One range is to be output from the listing below, exactly as written: the line with "机身正面板上分布着一个圆形的" to the line with "5月20日上午,中国塑料加工", both kept.

> [Provided material]:
__________
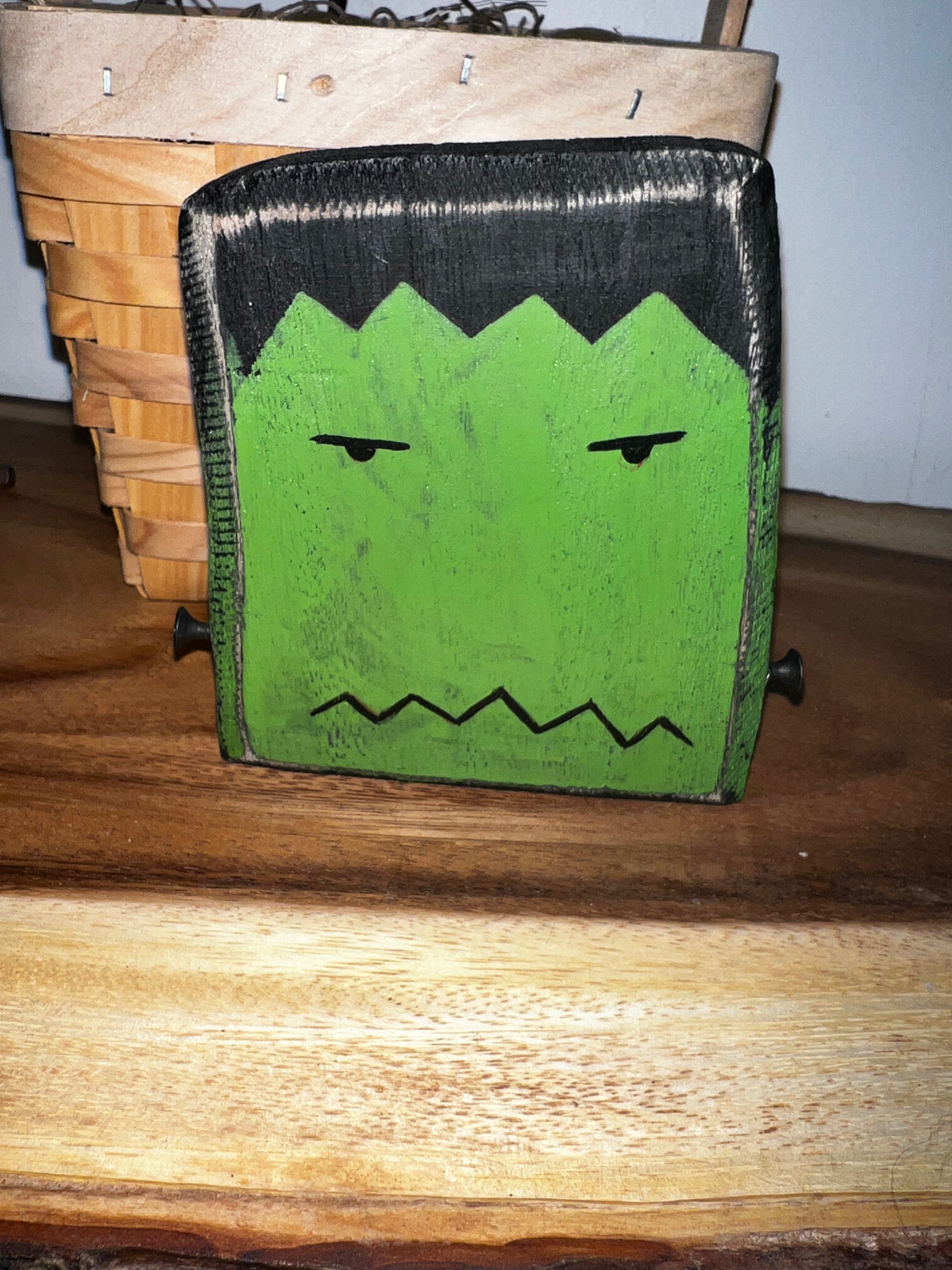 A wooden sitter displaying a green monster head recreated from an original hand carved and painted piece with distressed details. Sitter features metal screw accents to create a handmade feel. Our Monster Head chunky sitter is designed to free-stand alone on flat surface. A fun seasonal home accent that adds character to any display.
__________
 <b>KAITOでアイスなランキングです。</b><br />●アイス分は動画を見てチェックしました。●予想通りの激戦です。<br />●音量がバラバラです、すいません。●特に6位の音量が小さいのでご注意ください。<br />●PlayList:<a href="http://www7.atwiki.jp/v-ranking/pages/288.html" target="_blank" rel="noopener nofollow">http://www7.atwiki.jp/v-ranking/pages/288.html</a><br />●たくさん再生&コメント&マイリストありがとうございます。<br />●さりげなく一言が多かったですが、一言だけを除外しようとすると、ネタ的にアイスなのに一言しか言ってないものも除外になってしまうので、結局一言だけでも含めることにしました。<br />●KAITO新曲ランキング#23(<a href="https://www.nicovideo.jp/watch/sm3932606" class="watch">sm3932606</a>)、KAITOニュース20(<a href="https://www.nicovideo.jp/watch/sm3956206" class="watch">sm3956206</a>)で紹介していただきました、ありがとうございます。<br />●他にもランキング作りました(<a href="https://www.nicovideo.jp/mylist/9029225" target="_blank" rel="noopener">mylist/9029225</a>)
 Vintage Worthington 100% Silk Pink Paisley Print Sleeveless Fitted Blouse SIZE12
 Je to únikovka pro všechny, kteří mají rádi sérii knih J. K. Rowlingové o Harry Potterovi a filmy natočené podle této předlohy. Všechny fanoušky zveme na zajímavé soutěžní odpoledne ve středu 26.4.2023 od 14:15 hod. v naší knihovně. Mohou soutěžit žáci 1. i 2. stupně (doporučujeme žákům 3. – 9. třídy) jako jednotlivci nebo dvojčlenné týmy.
__________
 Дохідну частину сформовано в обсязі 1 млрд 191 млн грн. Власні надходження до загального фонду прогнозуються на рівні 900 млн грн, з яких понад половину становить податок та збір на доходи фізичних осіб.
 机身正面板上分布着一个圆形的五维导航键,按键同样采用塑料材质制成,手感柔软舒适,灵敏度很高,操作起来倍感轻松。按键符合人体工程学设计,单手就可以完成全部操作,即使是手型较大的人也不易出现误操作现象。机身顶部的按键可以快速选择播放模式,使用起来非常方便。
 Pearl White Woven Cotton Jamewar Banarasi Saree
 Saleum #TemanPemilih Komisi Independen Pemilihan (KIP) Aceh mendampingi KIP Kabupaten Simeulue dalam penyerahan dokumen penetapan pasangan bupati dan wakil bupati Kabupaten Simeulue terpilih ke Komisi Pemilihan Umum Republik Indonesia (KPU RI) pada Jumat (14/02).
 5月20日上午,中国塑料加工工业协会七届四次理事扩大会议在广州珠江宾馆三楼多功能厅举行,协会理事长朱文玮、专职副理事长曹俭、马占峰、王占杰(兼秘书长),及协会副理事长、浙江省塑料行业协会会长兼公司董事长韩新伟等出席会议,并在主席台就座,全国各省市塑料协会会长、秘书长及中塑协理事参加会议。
__________
> [Response]:
 机身正面板上分布着一个圆形的五维导航键,按键同样采用塑料材质制成,手感柔软舒适,灵敏度很高,操作起来倍感轻松。按键符合人体工程学设计,单手就可以完成全部操作,即使是手型较大的人也不易出现误操作现象。机身顶部的按键可以快速选择播放模式,使用起来非常方便。
 Pearl White Woven Cotton Jamewar Banarasi Saree
 Saleum #TemanPemilih Komisi Independen Pemilihan (KIP) Aceh mendampingi KIP Kabupaten Simeulue dalam penyerahan dokumen penetapan pasangan bupati dan wakil bupati Kabupaten Simeulue terpilih ke Komisi Pemilihan Umum Republik Indonesia (KPU RI) pada Jumat (14/02).
 5月20日上午,中国塑料加工工业协会七届四次理事扩大会议在广州珠江宾馆三楼多功能厅举行,协会理事长朱文玮、专职副理事长曹俭、马占峰、王占杰(兼秘书长),及协会副理事长、浙江省塑料行业协会会长兼公司董事长韩新伟等出席会议,并在主席台就座,全国各省市塑料协会会长、秘书长及中塑协理事参加会议。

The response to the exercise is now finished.